■ DATA RECORDS
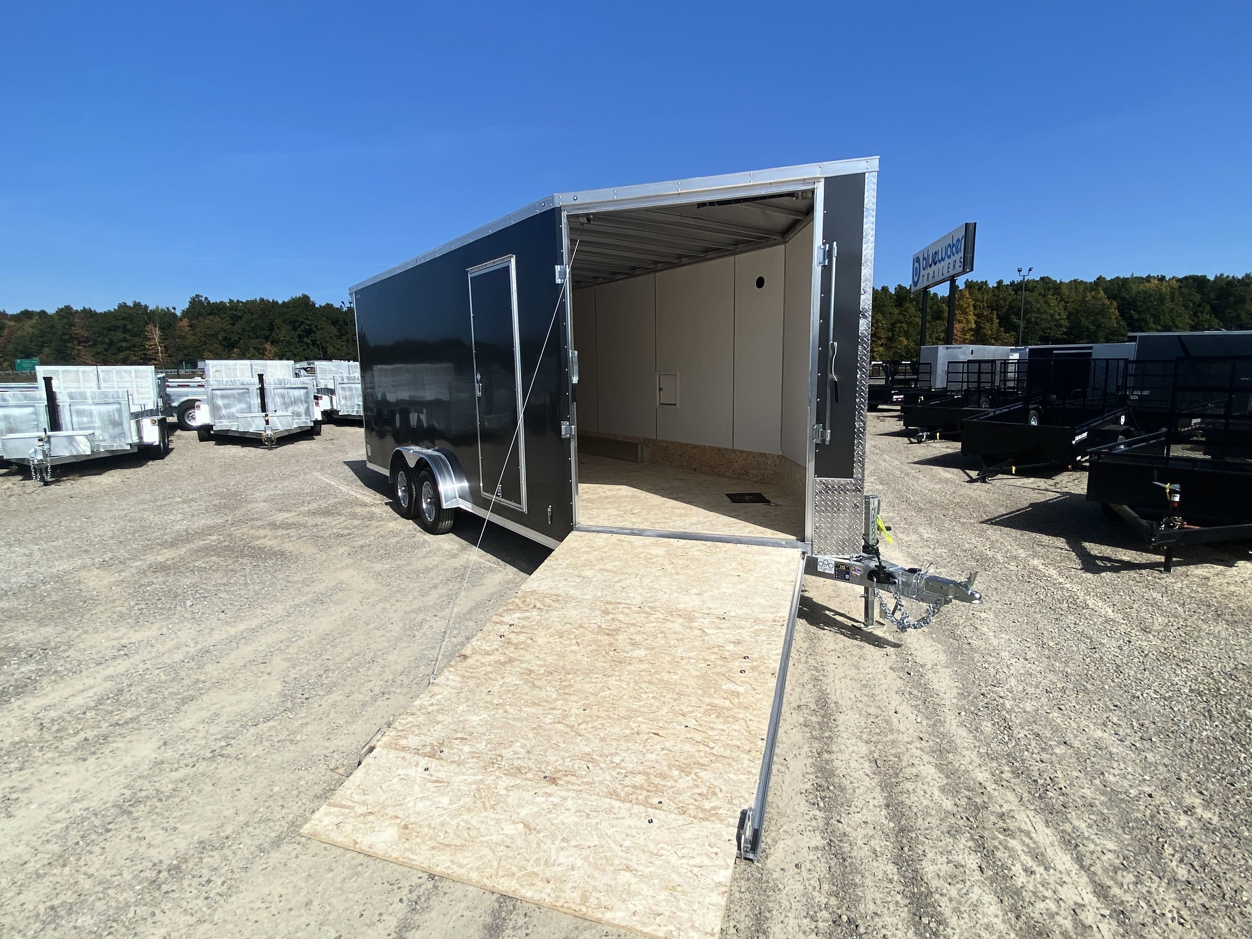 - Lightning Radar Package (White Vinyl Walls, Aluminum Rim Upgrade, 24" Stoneguard Upgrade, Fuel Door (Total of (2) on Models over 19ft), Front & Rear Ramp Door Flaps, 16" OC Floor , 16" OC Ceiling)
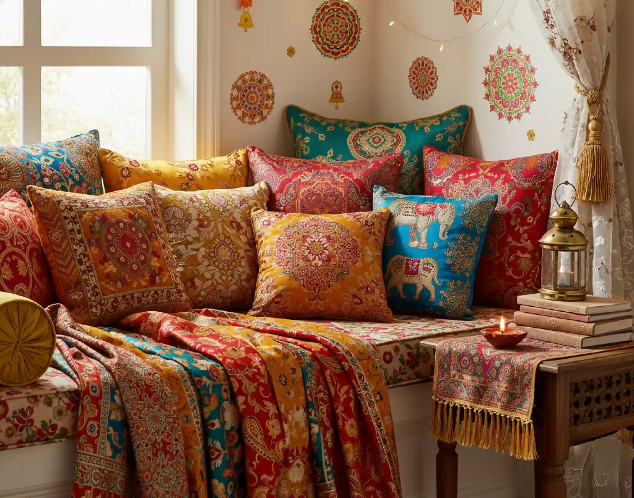Cushions, throws, and table runners are the fastest way to inject color, texture, and festive cheer. But don’t limit them to the sofa. Layer textures on window seats, reading nooks, or even your dining chairs. Peel-and-stick festive decals can turn plain walls into art pieces, and colorful floor cushions invite guests to lounge in style. Mix patterns with caution: stripes, florals, and traditional motifs can coexist beautifully if you stick to a complementary palette.
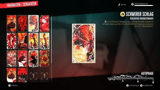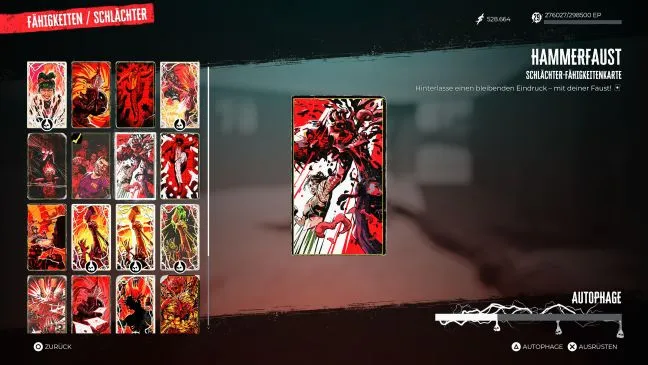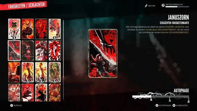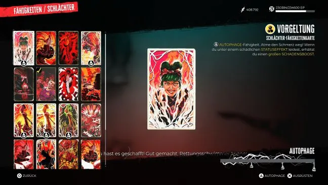 Воздаяние: этот навык аутофагии дается за выполнение квеста "Пропавший человек: Шейн". Воздаяние дает большую прибавку к урону при получении статусных эффектов.
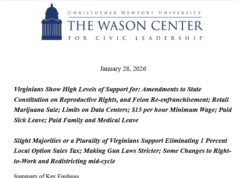 ![CNU Wason Center Poll of Virginia: Trump Approval at Just 34%; “narrow majority support a constitutional [redistricting] amendment”](https://bluevirginia.us/wp-content/uploads/2026/01/wason0128-1-238x178.jpg)
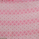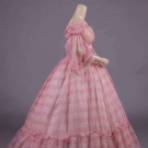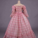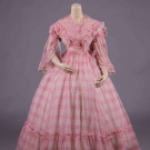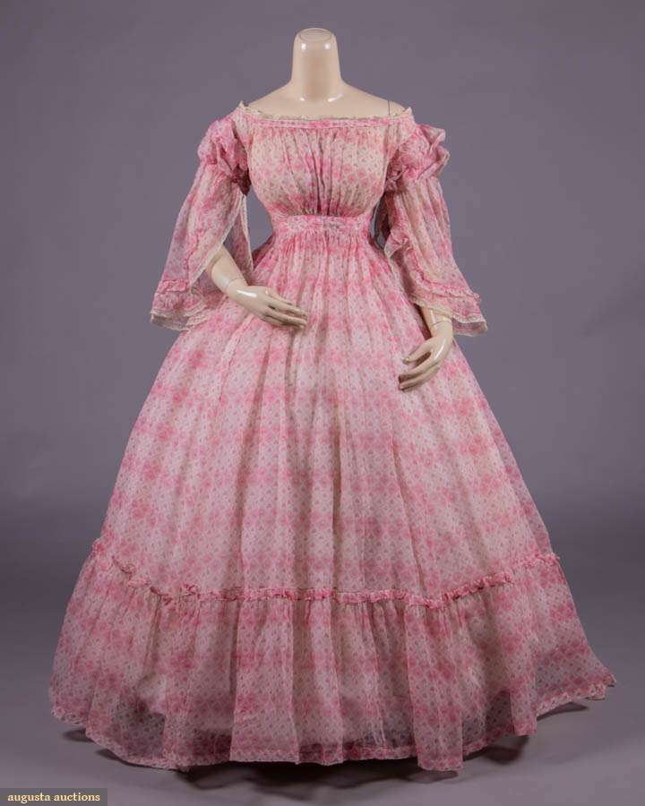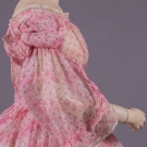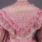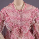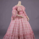 Printed cotton voile dress w/ diamond & miniature shaded tree pattern in alternating pink & white, broad scooped neckline edged w/ double piped band & drawstring, open pagoda sleeve w/ double dropped SH poof, sleeve edged w/ self-puff & applied self-ruffle, narrow lace trim to top of bodice & sleeves bodice w/ vertical gathers from neckline to W front & back, cartridge pleated attached skirt w/ broad hem flounce, matching pelerine, B 44.5", W 25.25", L 58", capelet L 13.5"-16", (repairs to both SHs, 2.25" repair CF B, 1" hole right underarm, trim detaching at cuffs) fair. Museum of the City of NY.
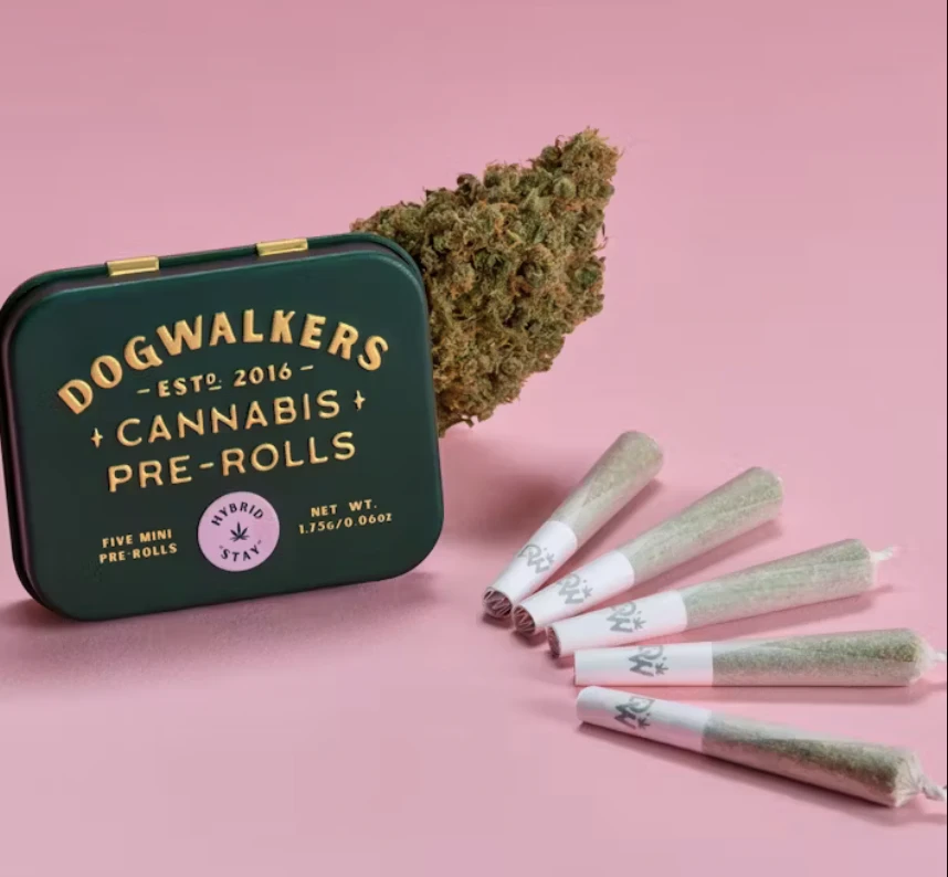 Dogwalkers “STAY” Mini Dog pre-rolls offer a total of 1.75g hybrid flower. Conveniently packaged in an on-the-go tin, each .35g miniature pre-roll (five total) is always crafted with strain-specific premium flower; never shake, stems or seeds. Dogwalkers donates a portion of proceeds from every product sold to deserving animal shelters across the country.

■ WORK INSTRUCTION
Repeat the data exactly as written, but without the pictures.

■ ANSWER TO THE EXERCISE
 - Lightning Radar Package (White Vinyl Walls, Aluminum Rim Upgrade, 24" Stoneguard Upgrade, Fuel Door (Total of (2) on Models over 19ft), Front & Rear Ramp Door Flaps, 16" OC Floor , 16" OC Ceiling)
Cushions, throws, and table runners are the fastest way to inject color, texture, and festive cheer. But don’t limit them to the sofa. Layer textures on window seats, reading nooks, or even your dining chairs. Peel-and-stick festive decals can turn plain walls into art pieces, and colorful floor cushions invite guests to lounge in style. Mix patterns with caution: stripes, florals, and traditional motifs can coexist beautifully if you stick to a complementary palette.
 Воздаяние: этот навык аутофагии дается за выполнение квеста "Пропавший человек: Шейн". Воздаяние дает большую прибавку к урону при получении статусных эффектов.
 ![CNU Wason Center Poll of Virginia: Trump Approval at Just 34%; “narrow majority support a constitutional [redistricting] amendment”](https://bluevirginia.us/wp-content/uploads/2026/01/wason0128-1-238x178.jpg)
 Printed cotton voile dress w/ diamond & miniature shaded tree pattern in alternating pink & white, broad scooped neckline edged w/ double piped band & drawstring, open pagoda sleeve w/ double dropped SH poof, sleeve edged w/ self-puff & applied self-ruffle, narrow lace trim to top of bodice & sleeves bodice w/ vertical gathers from neckline to W front & back, cartridge pleated attached skirt w/ broad hem flounce, matching pelerine, B 44.5", W 25.25", L 58", capelet L 13.5"-16", (repairs to both SHs, 2.25" repair CF B, 1" hole right underarm, trim detaching at cuffs) fair. Museum of the City of NY.
 Dogwalkers “STAY” Mini Dog pre-rolls offer a total of 1.75g hybrid flower. Conveniently packaged in an on-the-go tin, each .35g miniature pre-roll (five total) is always crafted with strain-specific premium flower; never shake, stems or seeds. Dogwalkers donates a portion of proceeds from every product sold to deserving animal shelters across the country.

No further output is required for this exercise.